(Data excerpts)
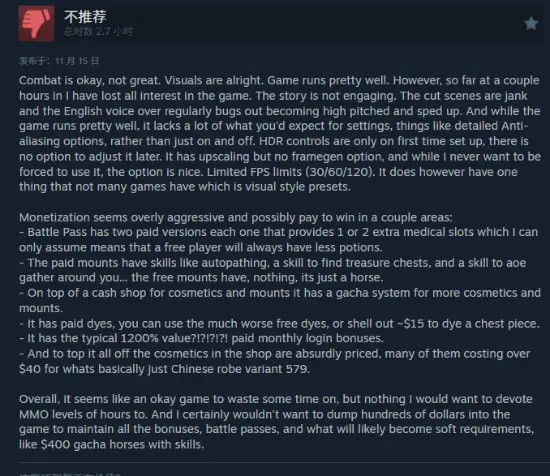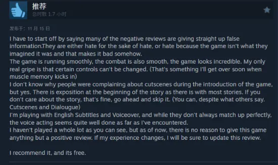 与此同时,也有玩家给出改进建议:战斗节奏略显偏慢、前期剧情信息量过大且过场无法跳过、部分英语语音出现变调加速问题,键位也无法完全自定义等。但整体来说,多数玩家认为体验依然不错,尤其画面表现十分抓眼球。
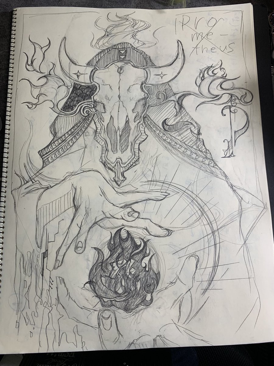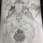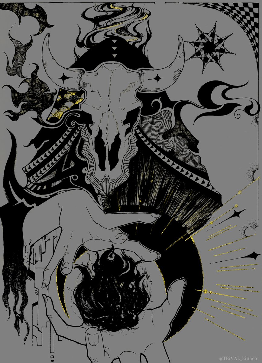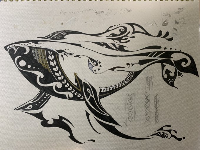 鉛筆の跡だらけだけど一通り終わったぜ 右下どうしようか悩んどる #ペン画 #牛骨 #トライバル ?笑
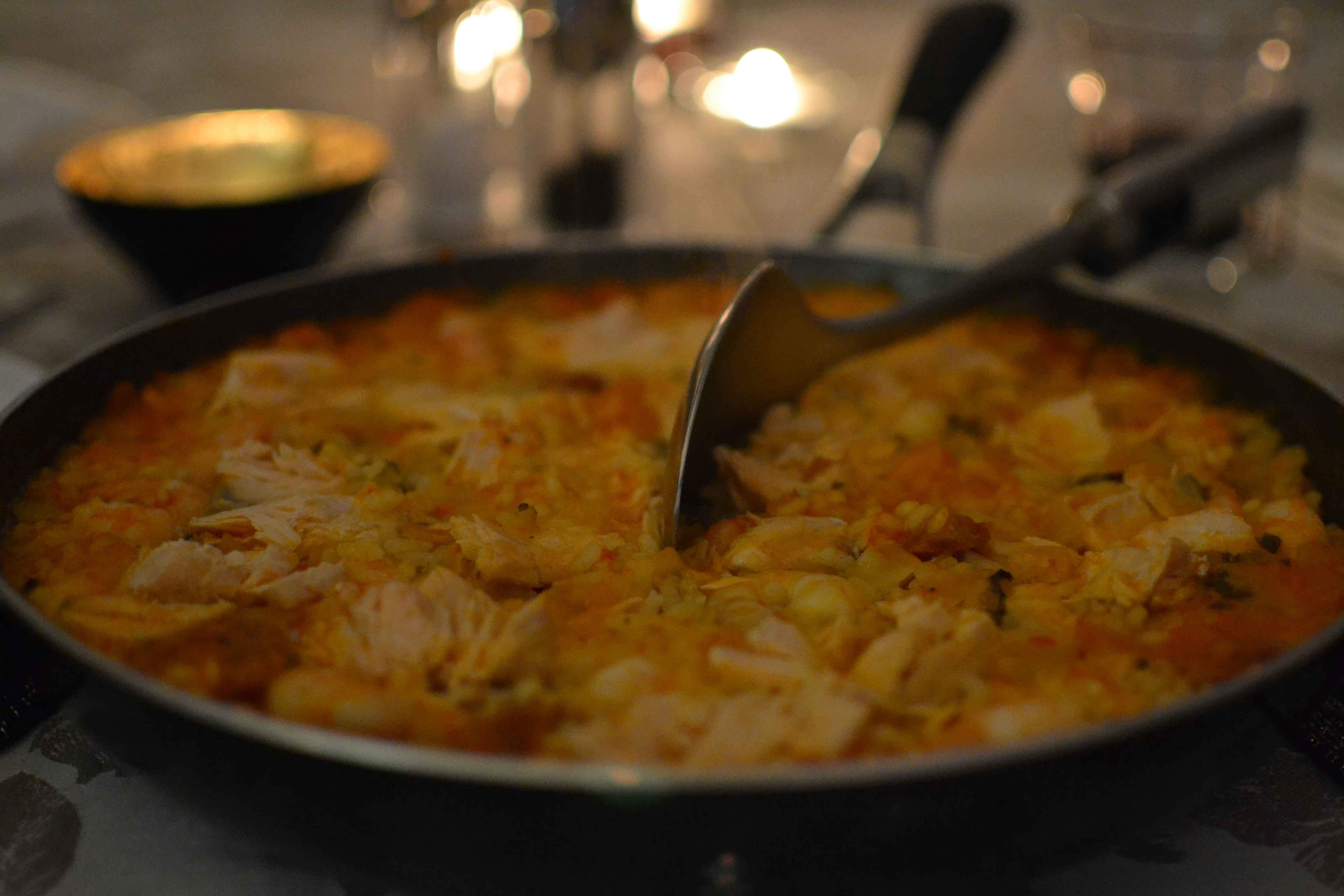 On Saturday, we had the same as last weekend: scallops and white pudding, paella (without chicken this time as I forgot to defrost it but I’m not sure anyone noticed).
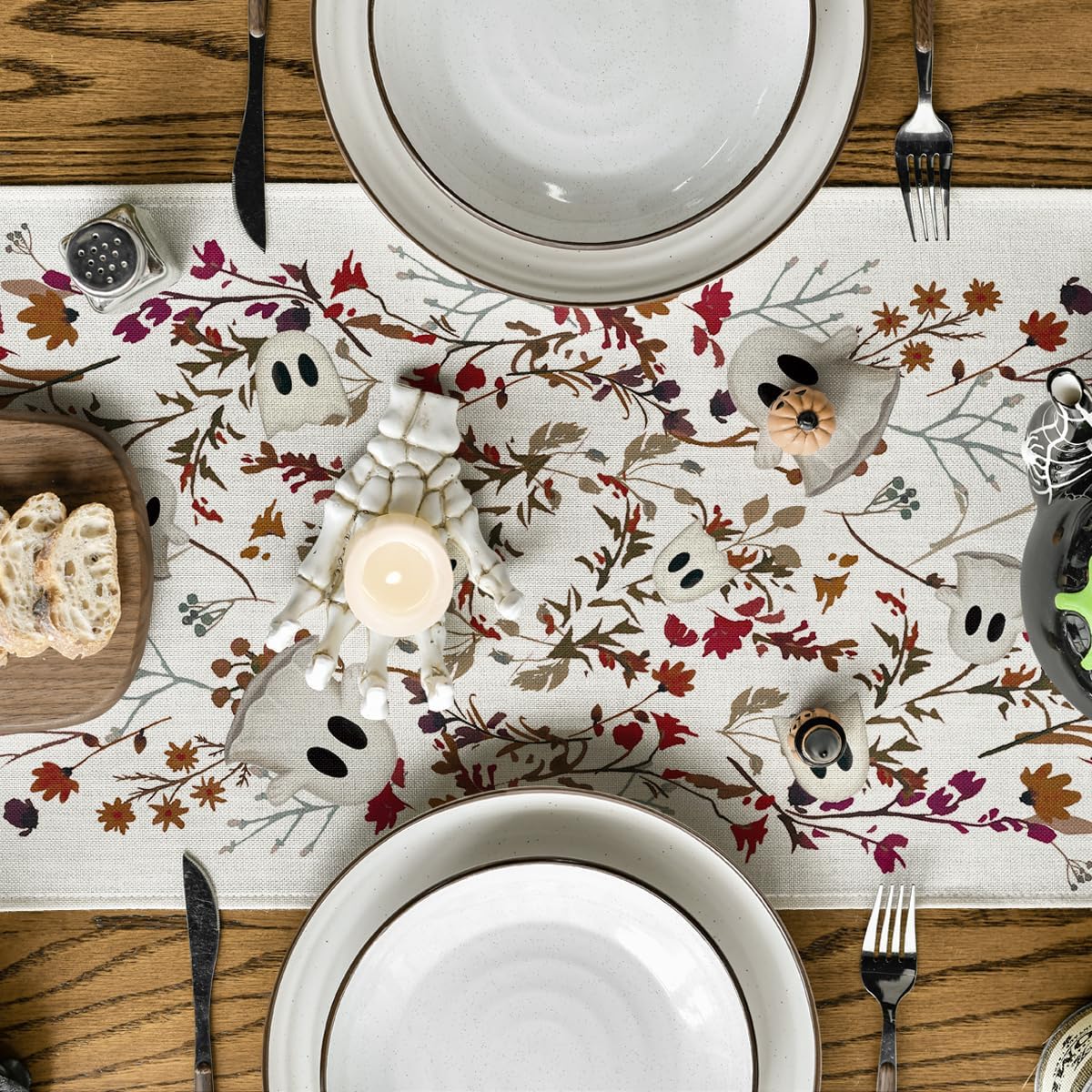 Artoid Mode Ghost Flowers Leaves 210 GSM Halloween Table Runner,Seasonal Fall Kitchen Dining Table Decoration for Home Party Decor 13x36 Inch
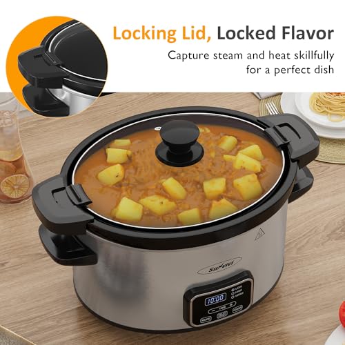 Tailored Cooking: The time settings range from 30 mins to 12 hrs for low settings, and from 30 mins to 10 hrs for warm and high settings. Customize each dish with specific cooking temperatures and durations for optimal results. Plus, the digital display offers clear countdowns, ensuring precision in your cooking process.
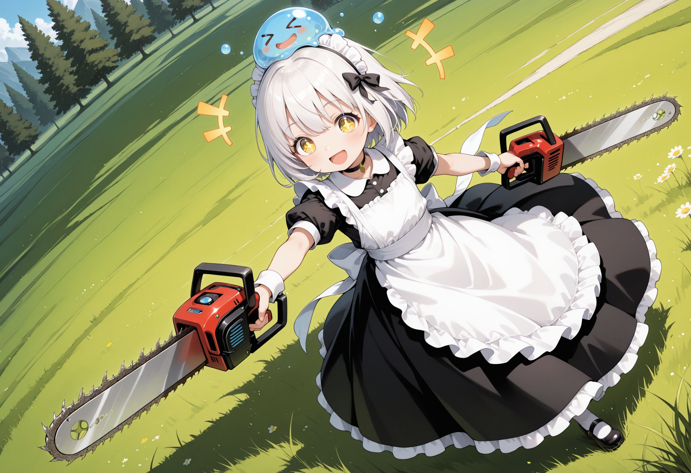 1 little girl, solo, diagonal angle, masterpiece, best quality, amazing quality, very aesthetic, white hair, short hair, yellow eyes, +_+, open mouth, smile, cheerful, +++, notice lines,mphasis lines, choker, maid outfit, long skirt, holding chainsaw, dual wielding, slime on head, > <, dynamic pose, grassland,
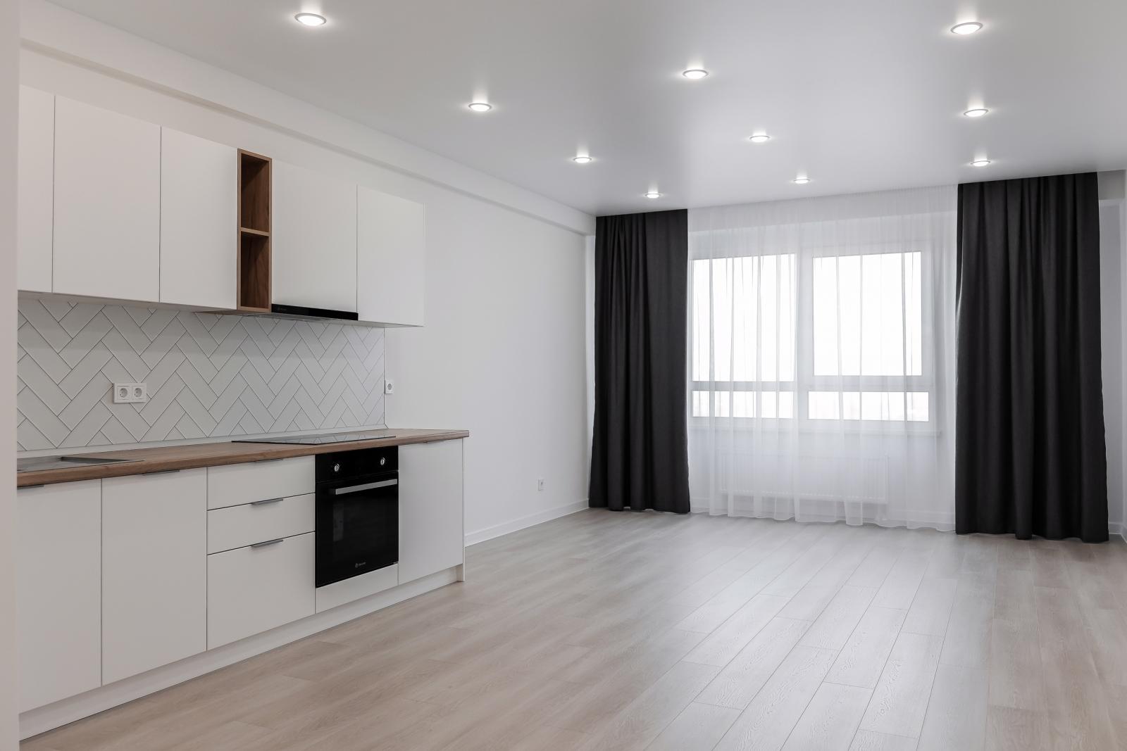 1. Готовая отделка «под ключ». Если вы покупаете жилье с «голыми стенами» - придется обеспечить ее наполнение. Стройматериалы, мебель, техника, оплата работы бригады - на это придется тратить время и деньги. А с полной отделкой «Все включено». Серия 25» вы получаете полностью готовую квартиру. В нее уже входят обои, ламинат, двери, натяжные потолки, освещение. Полностью укомплектован санузел, в кухне установлен гарнитур с бытовой техникой.
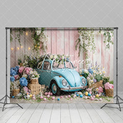 Aperturee Blue Beetle Car Eggs Flowers Easter Canto Backdrop
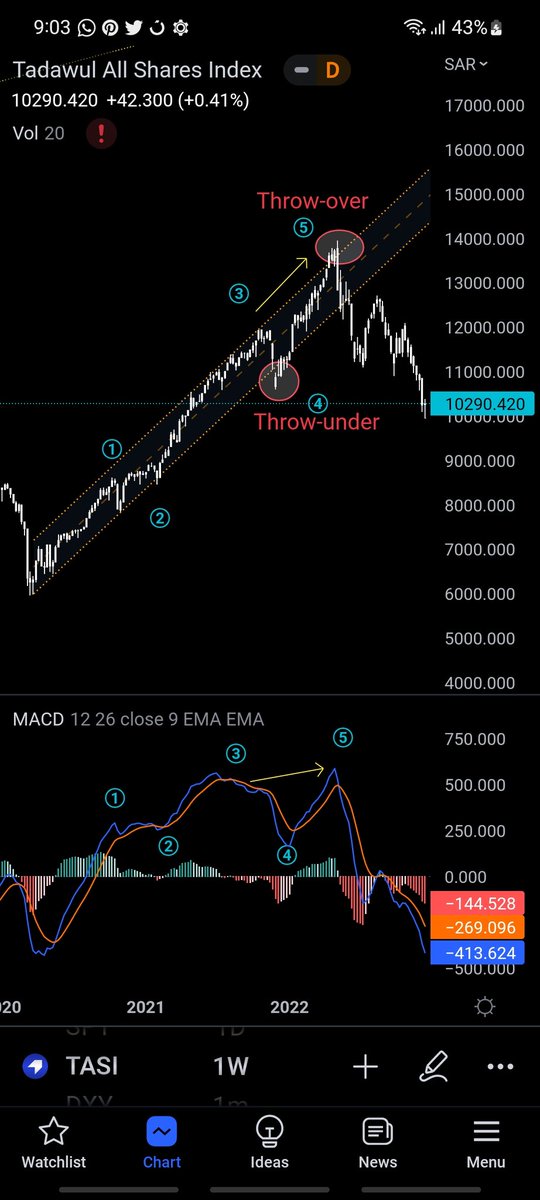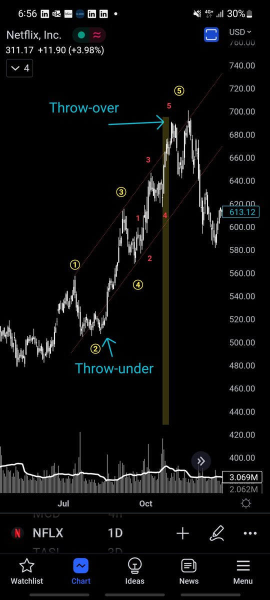 من ضمن العلامات في throw-over ... هو تزايد الفوليوم عند نهاية الموجة الخامسة لكسر الترند بشكل وهمي
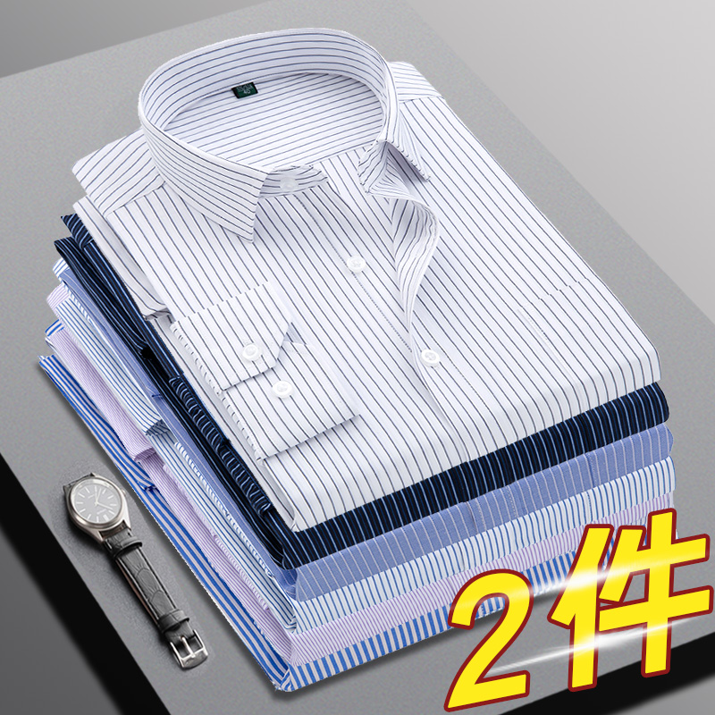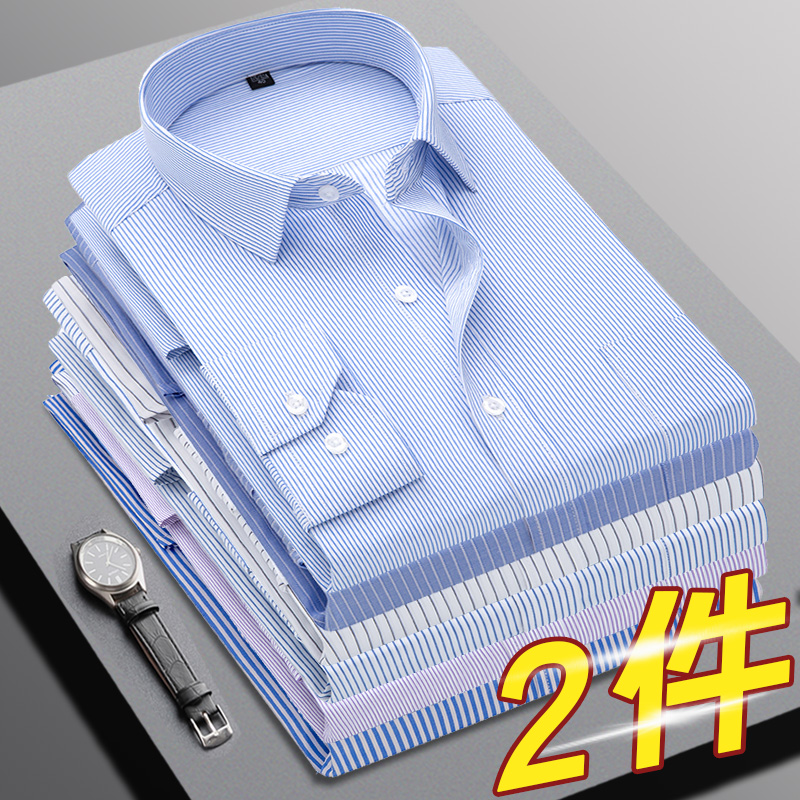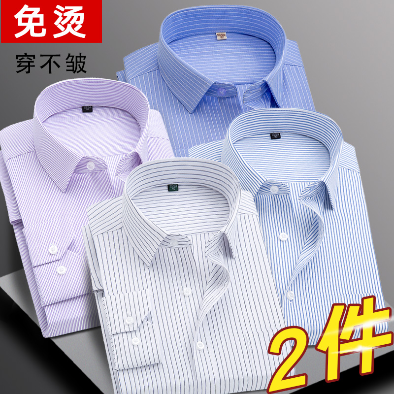 花花公子长袖衬衫男夏季薄款宽松男士休闲商务免烫条纹衬衣春秋
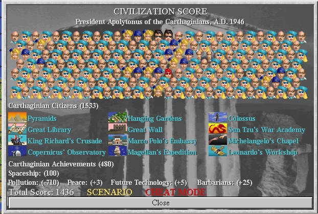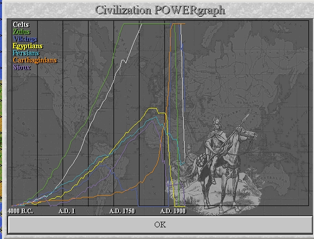 I've played on a few turns from 1930 and launched our space ship - eta 1939. Often in EL games, after the ship is launched, I sleep my units and just hit the return key until it lands. However, in this game, I thought the honour of all the others who have contributed to the game deserved more. So I am playing out an end game drama, at war with everybody - the Vikings, the Zulus, the Celts, the Persians, the Sioux and 2 late arrivals, the Spanish and the Russians. The Celts have been eliminated and the Persians, Sioux, Spanish and Russians are down to 1 or 2 cities each.
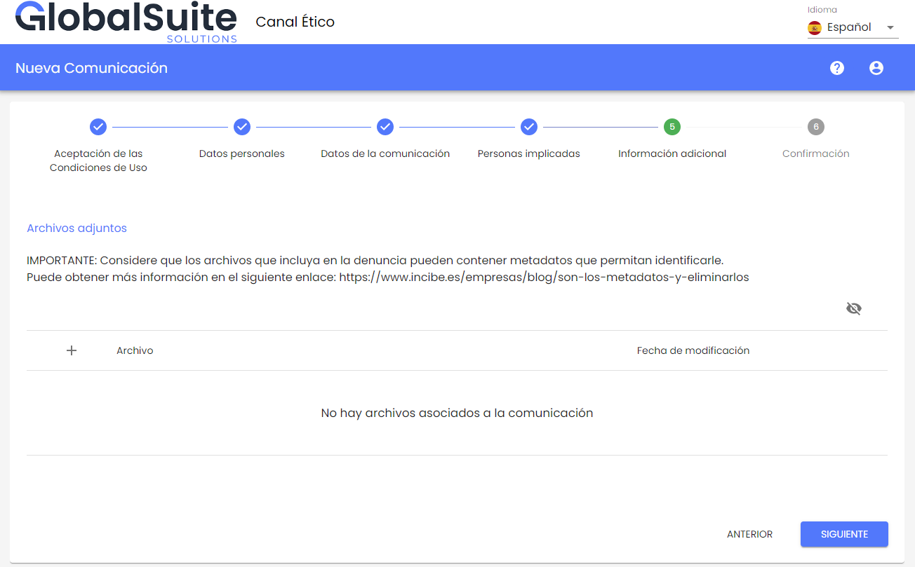 - Puede personalizar un mensaje, en todos los idiomas disponibles en el Canal, que aparecerá en la tabla de Adjuntos del formulario de la denuncia, además de al aportar un nuevo archivo una vez enviada la denuncia.

▸ **Exercise prompt**
Your copy should consist only of the lines from the one containing "花花公子长袖衬衫男夏季薄款宽松男士休闲商务免烫条纹衬衣春秋" through the last line of the entries above, reproduced exactly, without pictures.

▸ **Answer for this exercise**
 花花公子长袖衬衫男夏季薄款宽松男士休闲商务免烫条纹衬衣春秋
 I've played on a few turns from 1930 and launched our space ship - eta 1939. Often in EL games, after the ship is launched, I sleep my units and just hit the return key until it lands. However, in this game, I thought the honour of all the others who have contributed to the game deserved more. So I am playing out an end game drama, at war with everybody - the Vikings, the Zulus, the Celts, the Persians, the Sioux and 2 late arrivals, the Spanish and the Russians. The Celts have been eliminated and the Persians, Sioux, Spanish and Russians are down to 1 or 2 cities each.
 - Puede personalizar un mensaje, en todos los idiomas disponibles en el Canal, que aparecerá en la tabla de Adjuntos del formulario de la denuncia, además de al aportar un nuevo archivo una vez enviada la denuncia.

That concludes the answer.